Tuesday, May 24, 2016

Dr. Amelia tries to be a matchmaker in this early thirsty.

So periodically, Dr. Amelia has the little flakies work together on something in pairs. She often assigns the pairings (and assigns groups, too), since when the flakies do it themselves, they often seem to learn less for some reason...So she tries to pair up people who can learn from each other, based on what the assignment is.

However, there is always that one kid. The one who talks a lot, but has little to say. The one who doesn't have the social skills to match their position in a college classroom. The one who starts talking and doesn't stop even as all the other eyes roll up to the ceiling. The kid is smart. S/he has some of the best answers in the class on written work.

Q: So when I assign the pairs, do I put hir with the popular but too cool for school kid who learn a lot from the pairing, or from the nice, but long-suffering kid who is also smart, but too kind to protest the match?


  1. @Amelia: The fact that you're contemplating this says something good.

  2. What you don't do is put all three together. THAT was a disaster

  3. My experience is that groups do better when they're homogeneous on the critical variable/s. I'd put this student with the other brightest and then give the whole class guidance, even a worksheet that enforces taking turns, and emphasize equal time and input.

  4. I came up with two nice pairings this year: a conscientious but dumb student with a bright one who'd been having attendance issues, and a shy one with a gregarious one, who didn't know each other at all and pulled off the best assignment in the class. It also seemed to me that pairs who knew each other tended to do less quality work, so I might assign them all next time.

  5. I like ovreductd's approach, but I'd probably go with option #1, on the assumption that the too-cool kid might learn something, and at least has the social skills to deal with that kid. Having been the smart, relatively quiet, too-kind-to-protest kid, I'd be reluctant to saddle him/her with a difficult partner.

    But except for very brief exercises, I usually go for groups considerably larger than two (in part because some of my student are so given to appearing only at irregular intervals), and I tend to sort them by choices they've already made (e.g. major). That makes for uneven-sized and sometimes surprisingly homogeneous (by one factor or another) groupings, but at least I don't lose any sleep over whom to put with whom. And they seem to cope. Female engineers are already pretty used to being the only woman in the group (and vice versa for male nurses).

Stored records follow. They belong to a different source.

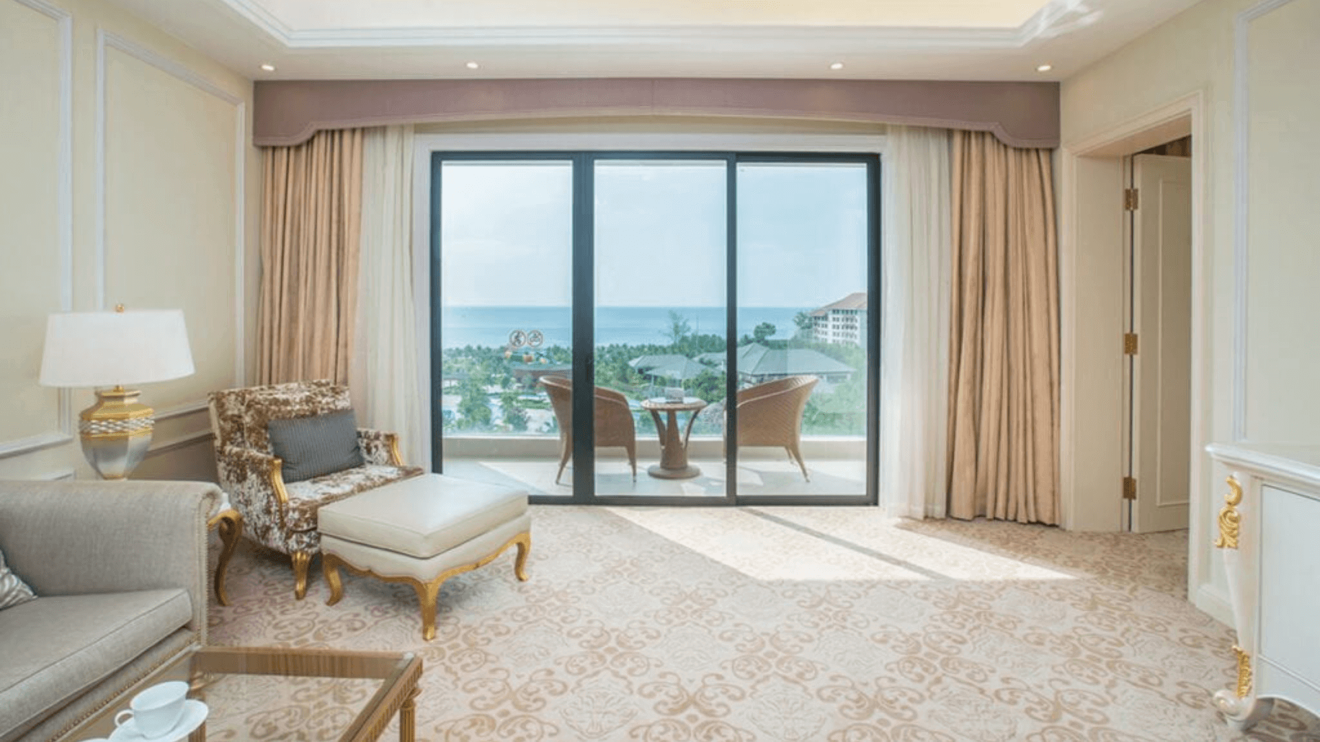The 84m2 Junior Suite Room is equipped with the same amenities as the Standard Room but has a double bed and a larger area. And of course,this room cannot lack a valuable sea view balcony. The luxurious,elegant and sophisticated Neoclassical interior style is the perfect resort space.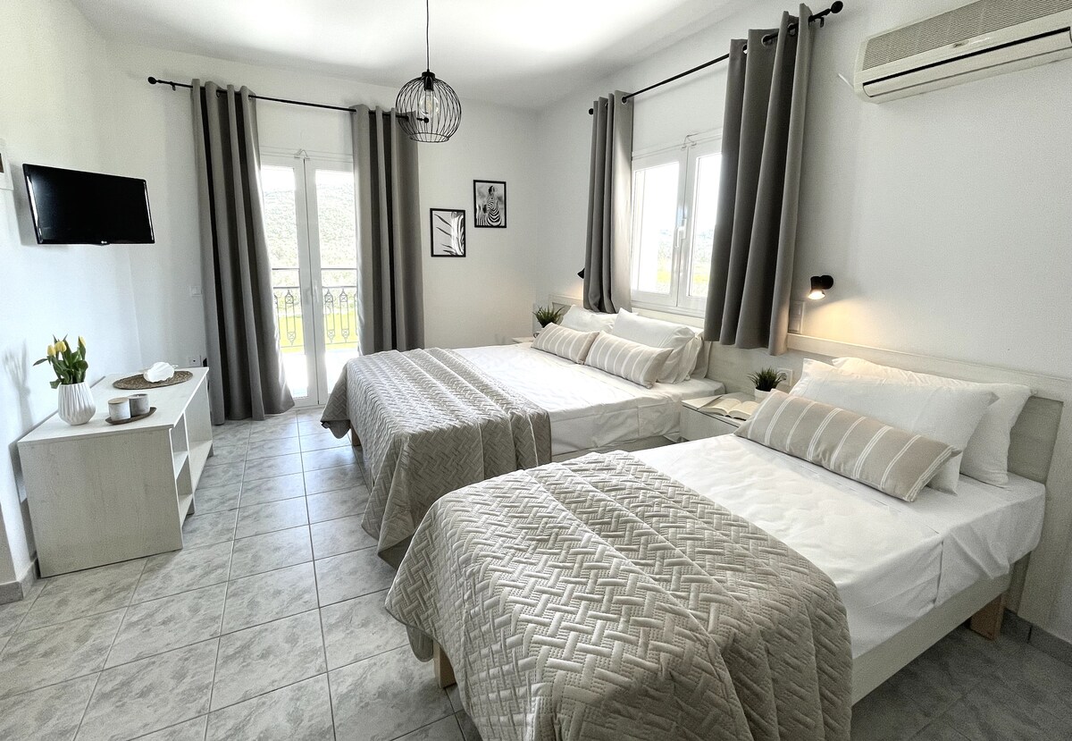 Willkommen in unserer hellen und eleganten Wohnung, 2,5 km vom Flughafen von Zakynthos entfernt. Unser Haus befindet sich in einer ruhigen und günstigen Gegend, nur wenige Minuten von schönen Stränden, Restaurants, Supermärkten und mehr entfernt. Die Wohnung verfügt über ein komfortables Doppelbett und ein Einzelbett, eine voll ausgestattete Küche, einen gemütlichen Wohnbereich, eine Klimaanlage, kostenfreies WLAN, ein Badezimmer und einen Aufzug. Wir freuen uns schon darauf, dich bei uns begrüßen zu dürfen und dir während deines Aufenthalts in Zakynthos das beste Erlebnis zu bieten!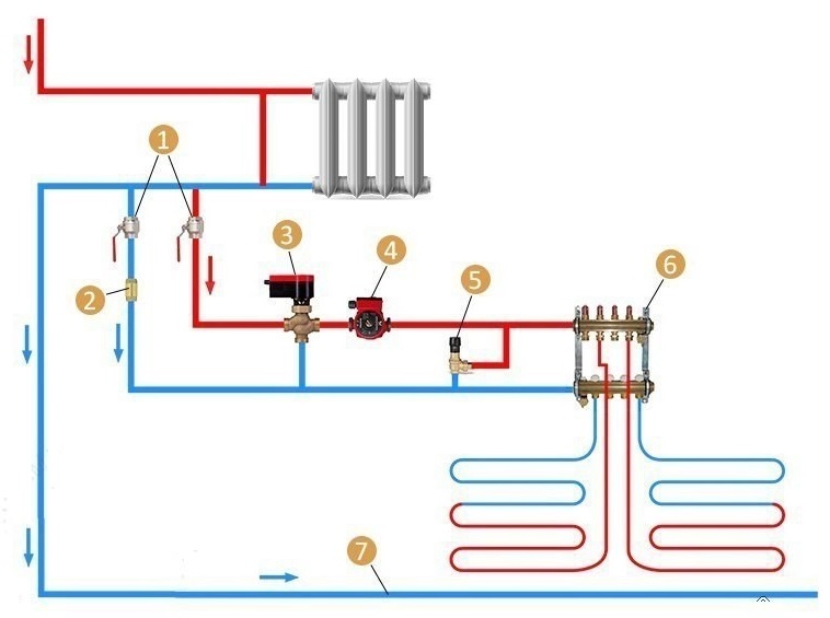 Parfois, au lieu du schéma «chaudière - groupe mélangeur-collecteur - circuits», d'autres options de raccordement d'un plancher chaud sont utilisées. Et le plus commun d'entre eux est la connexion du circuit ECP au radiateur de chauffage.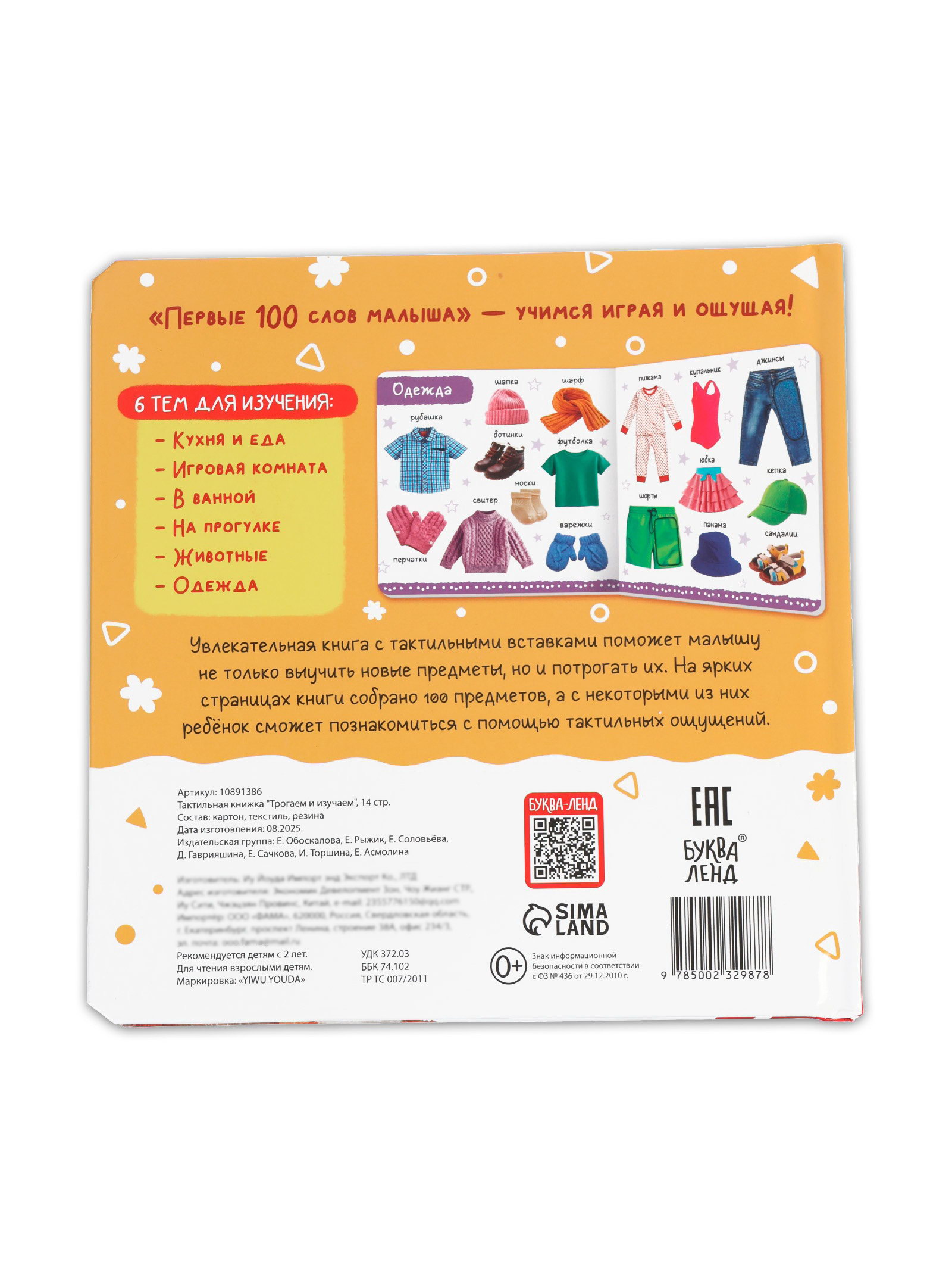 Тактильная книжка "Трогаем и изучаем", 12 стр., 19x1x19 см., БУКВА-ЛЕНД, Китай

  6. I let students pick their own groups but since they are freshmen, they don't always know each other well. Random students join groups together. After a few weeks of lab, the students who don't contribute get dropped out of their respective groups. Word gets around and they are not invited into other groups. The slackers end up forming their own group. They either all drop out or they are forced to do some work. I don't care one way or the other but I'm glad that the hard working students don't have to deal with them any more.